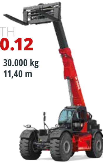
Volvo 235 kW (320 PS) bei 2.200 U/min
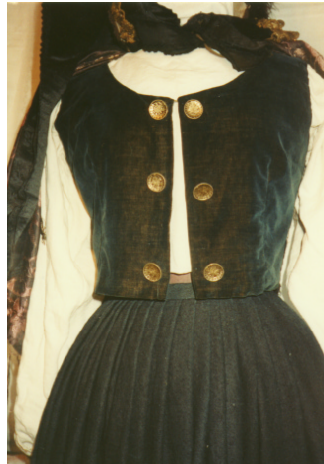
Ansicht des Samtmieders von vorn:
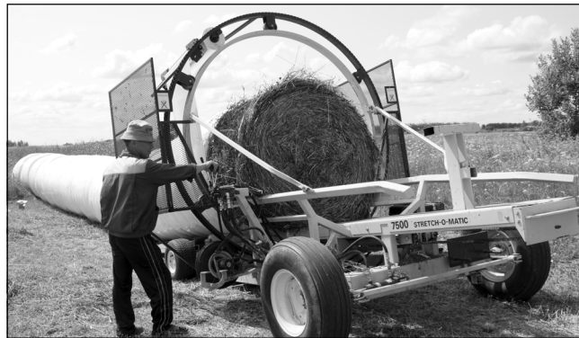
● Кормозаготовительный комплекс в ООО «Роженцово».

Актуальная тема – популяризация здорового образа жизни. В Поздеевском спорткомплексе занимаются дети, молодежь, взрослые люди. Здесь проходят различные мероприятия, организованы команды по волейболу, футболу, теннису, успешно принимающие участие в соревнованиях
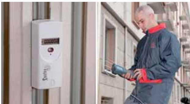
Répartiteur électronique et son relevé depuis l'extérieur.

d'un compteur d'énergie thermique , placé à l'entrée du logement.
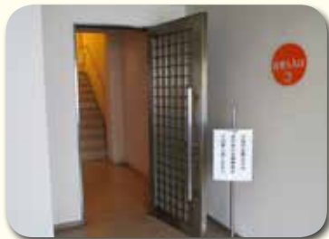
受付の左右にある傍聴者入口より入場してください。
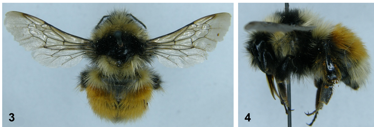
Рис. 3–4. Bombus (Pyrobombus) lapponicus (Fabricius, 1793), самка. 3 – вид сверху; 4 – вид сбоку.

Кормовые растения. Dryas oxyodonta Juz. (Rosaceae), Bergenia crassifolia (L.) Fritsch (Saxifragaceae), Hedysarum consanguineum DC. (Fabaceae), Pedicularis oederi M. Vahl (Scrophulariaceae).
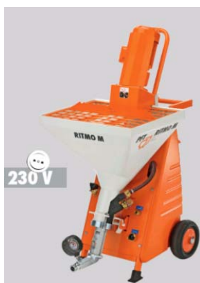
Obrázek 2: Stroj PFT RITMO M
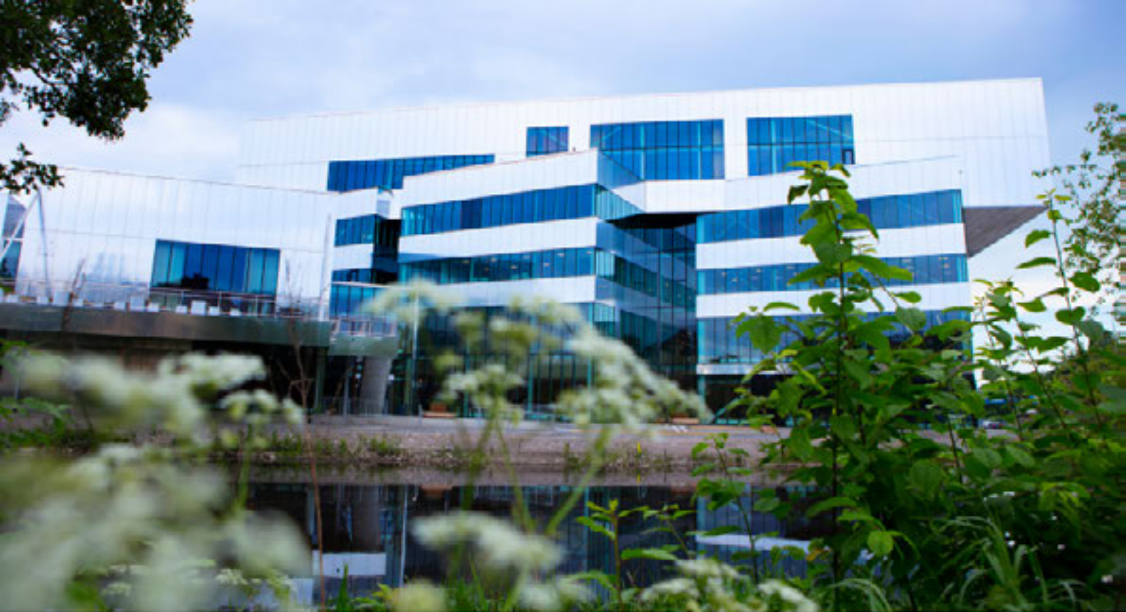
OVAN: ÖREBRO STADSIBLIOTEK. BILD: KARIN FORBERG. NEDAN: STOCKHOLMS STADSIBLIOTEK. BILD: ANDREAS NUR.
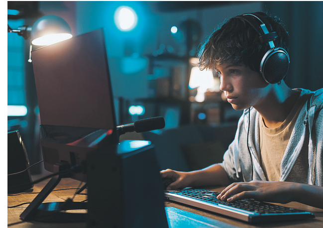
La place prise par les écrans dans notre quotidien est l'une des principales causes de la sédentarité.

pisme en France, l'objectif sera « d'améliorer le bien-être de tous et de lutter contre les maladies liées à la sédentarité ». L'enjeu est simple : encourager chaque individu, peu importe son âge ou son niveau de forme physique, à consacrer 30 minutes par jour à l'activité physique au sens large. Pas question, donc, de contraindre chacun à s'inscrire dans une salle de gym ou un club de sport : l'essentiel est de saisir chaque opportunité d'entretenir sa forme physique : une simple promenade, une marche active, une séance de course à pied, une séance de vélo, de méditation, de yoga ou de danse ou même un moment passé à jardiner peuvent faire toute la différence ! Toujours selon l'OMS, une activité physique régulière facilite la prévention et la prise en charge de maladies telles que les maladies cardiaques, les accidents vasculaires cérébraux, le diabète et plusieurs types de cancers. Elle contribue également à prévenir l'hypertension, à maintenir un poids corporel sain et à améliorer la santé mentale, la qualité de vie et le bien-être. Au-delà de 50 ans, remplacer une heure de « temps assis » par une heure d'activité physique peut permettre de réduire la mortalité de plus de 50 %*. En 2024, adieu les ascenseurs, vive les escaliers : on se bouge plus, plus souvent et plus régulièrement !
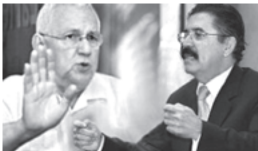
Zelaya está abandonando a la Resistencia. Hay que seguir sin él.

Finalmente, termina firmando un principio de acuerdo entre las partes, para que sea el Congreso el que decida la restitución de Zelaya en el gobierno, hasta el final de su mandato, el 10 de enero de 2010.
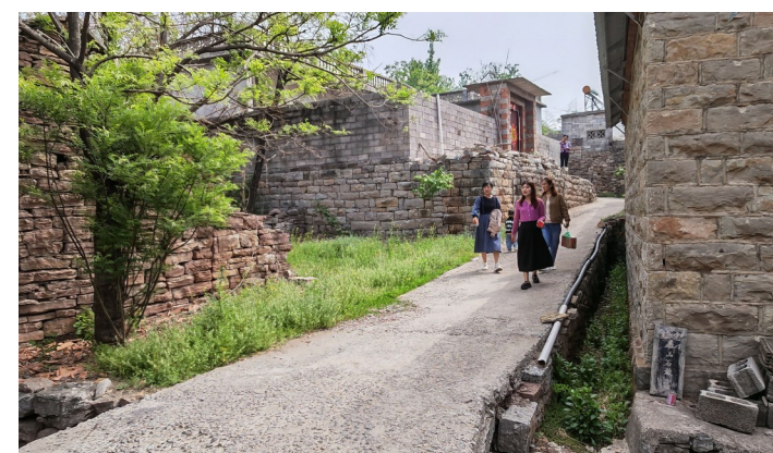
古村庄吸引游客来观光

容村貌整体提升，旅游线路规划，村中道路环境综合整治等，加快了传统村落基础设施改造升级和配套完善公共服务设施。同时，乡村的柳编、剪纸、布艺等非遗项目传承人各显神通；林果、楸花、连翘加工等成为当地特色旅游产品，特色餐饮等也给农民带来增收；闲置小院复活，搜集保存老家具、农具等传统文化象征符号，将文化底蕴深厚的鲁南民居整合成游客体验乡村文化的载体，增加农民致富途径。如今，这个传统的村落在乡村振兴中正焕发着新的生机和活力。
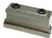
Bloco para Lamina
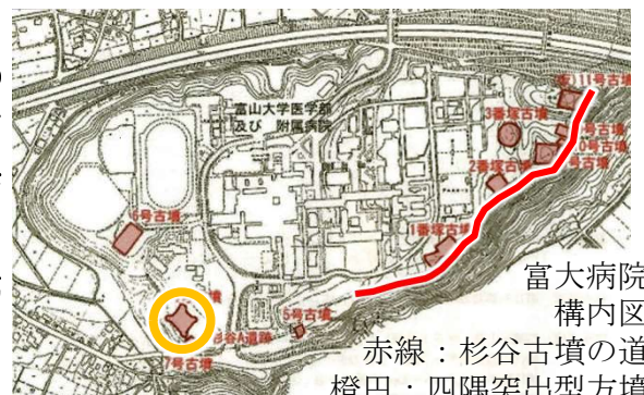
富大病院 構内図 赤線：杉谷古墳の道 橙円：四隅突出型方墳
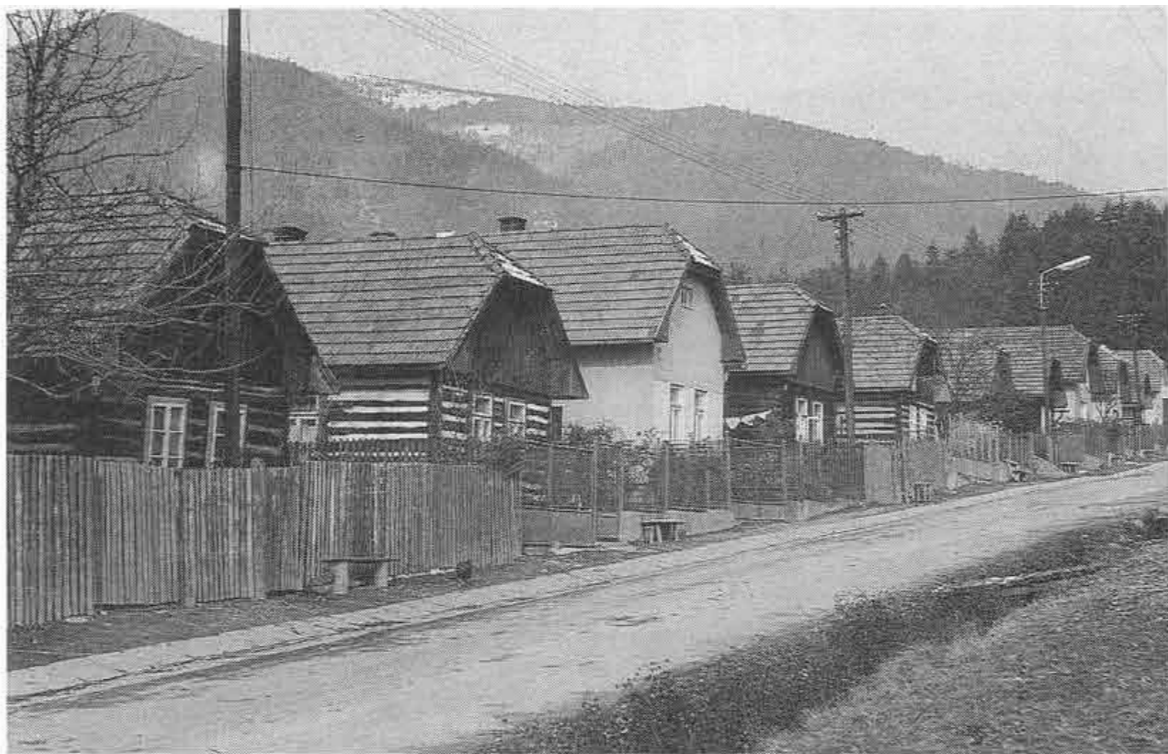
Staršie obytné domy v osade Lásky. Bystrička, okr. Martin.
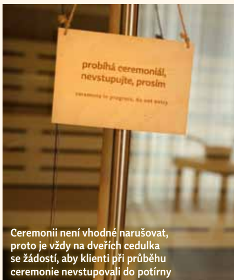
Ceremonii není vhodné narušovat, proto je vždy na dveřích cedulka se žádostí, aby klienti při průběhu ceremonie nevstupovali do potírny

Ceremonie v saunovém světě lázeňského domu Aurora si za krátkou dobu své existence již dokázaly získat své věrné příznivce. Jsou tací, kteří do sauny chodí tak, aby stihli dokonce dvě ceremonie s tím, že si potřebný čas navíc doplátí. Jak jste na tom vy? Kdy si přijdete užít ceremonii do Třeboňského saunového světa? <
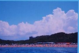
芥屋海水浴場 Kaya Bathing Beach
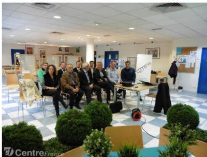
À la Polyclinique du Val de Loire, une réunion sur le thème, la santé et la sécurité dans les entreprises. ©
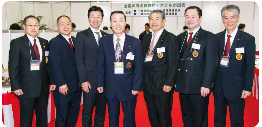
日本料理コンテスト審査員
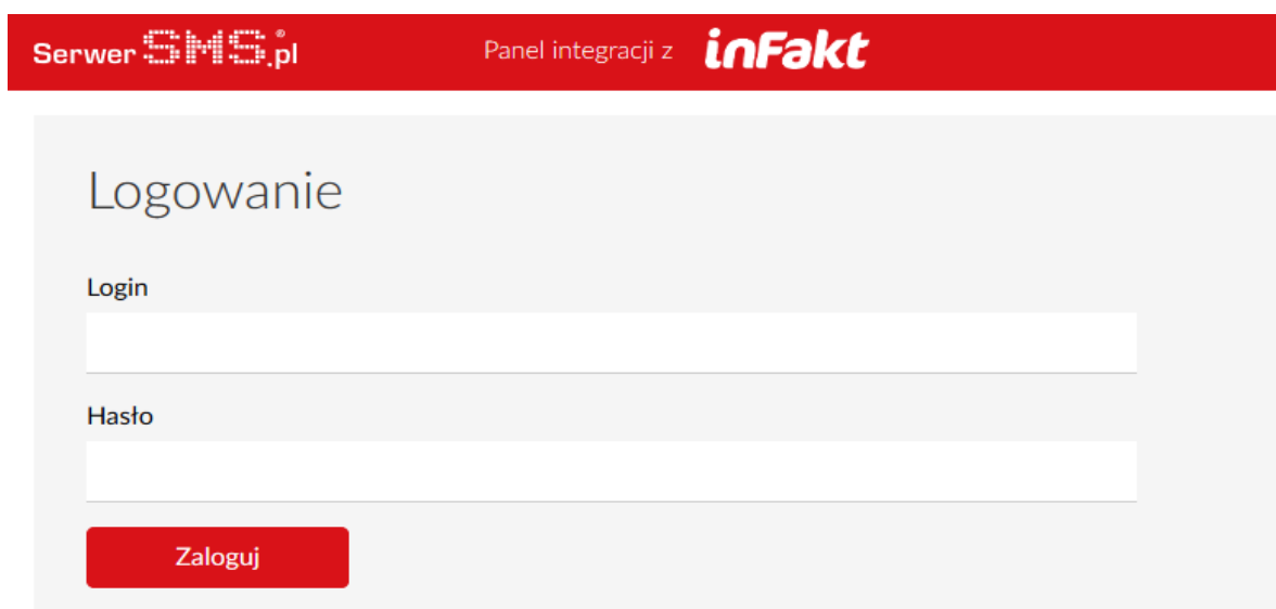
Rys. 1 – Formularz logowania

Pierwszym etapem instalacji modułu jest autoryzacja w SerwerSMS.pl. pod adresem URL https://infakt.serwersms.pl . Korzystanie z integracji możliwe jest po aktywacji konta w panelu SerwerSMS.pl. Warto zaznaczyć, aby posługiwać się osobnym użytkownikiem API, którego można stworzyć w panelu SerwerSMS.pl → Ustawienia interfejsów → XTTPS XML API → Użytkownicy API.
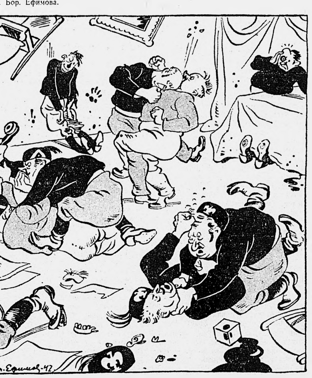
По докладу о международном и внутреннем положении Италии развернулись оживленные ТРЕНИЯ.

Внутри фашистской партии увеличиваются смятение и раздоры. Каждое собрание фашистских главарей сопровождается крупными драками.
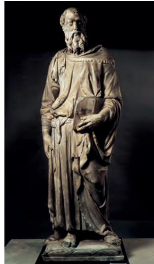
Donato Donatello, São Marcos , 1411, in http://warburg.chaa-unicamp.com.br .
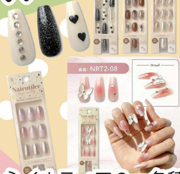
ネイルティア2 各種
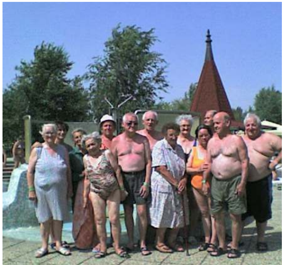
A kirándulás résztvevői

próbálta a különböző hőmérsékletű, mélységű, fedett és nyitott, brómos, jódos gyógyvizes medencéket. A gyógyulni, pihenni vágyókat itt nyáron 2 úszó-, 1 hullám-, 1 gyermek-, 1 élmény- és Európa első kétpályás ponyvacsúzdájával, valamint ülőpados gyógymedencékkel, gyönyörű környezetben várják. Úgy tapaszt-
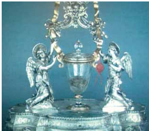
Il reliquiario del XVIII secolo contenente l'Ostia ed il Sangue rappreso, dono del munifico cittadino Domenico Coli.
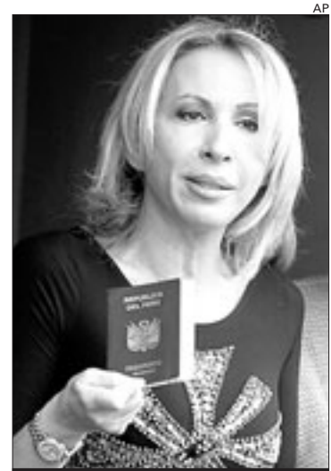
La presentadora Laura Bozzo

La presentadora televisiva Laura Bozzo, una de las más populares de la cadena hispana en Estados Unidos «Telemundo», se encuentra arrestada en Perú acusada de haber recibido 3 millones de dólares del ex jefe del espionaje peruano Vladimiro Montesinos durante el gobierno de Fujimori. Bozzo ofreció su sueldo en Telemundo —que cifró en 2 millones de dólares— y su pasaporte como garan-

> What to do
Only one stretch of the records above is wanted: the lines between the one holding "A kirándulás résztvevői" and the one holding "próbálta a különböző", inclusive, reproduced exactly.

> Solution below
A kirándulás résztvevői

próbálta a különböző hőmérsékletű, mélységű, fedett és nyitott, brómos, jódos gyógyvizes medencéket. A gyógyulni, pihenni vágyókat itt nyáron 2 úszó-, 1 hullám-, 1 gyermek-, 1 élmény- és Európa első kétpályás ponyvacsúzdájával, valamint ülőpados gyógymedencékkel, gyönyörű környezetben várják. Úgy tapaszt-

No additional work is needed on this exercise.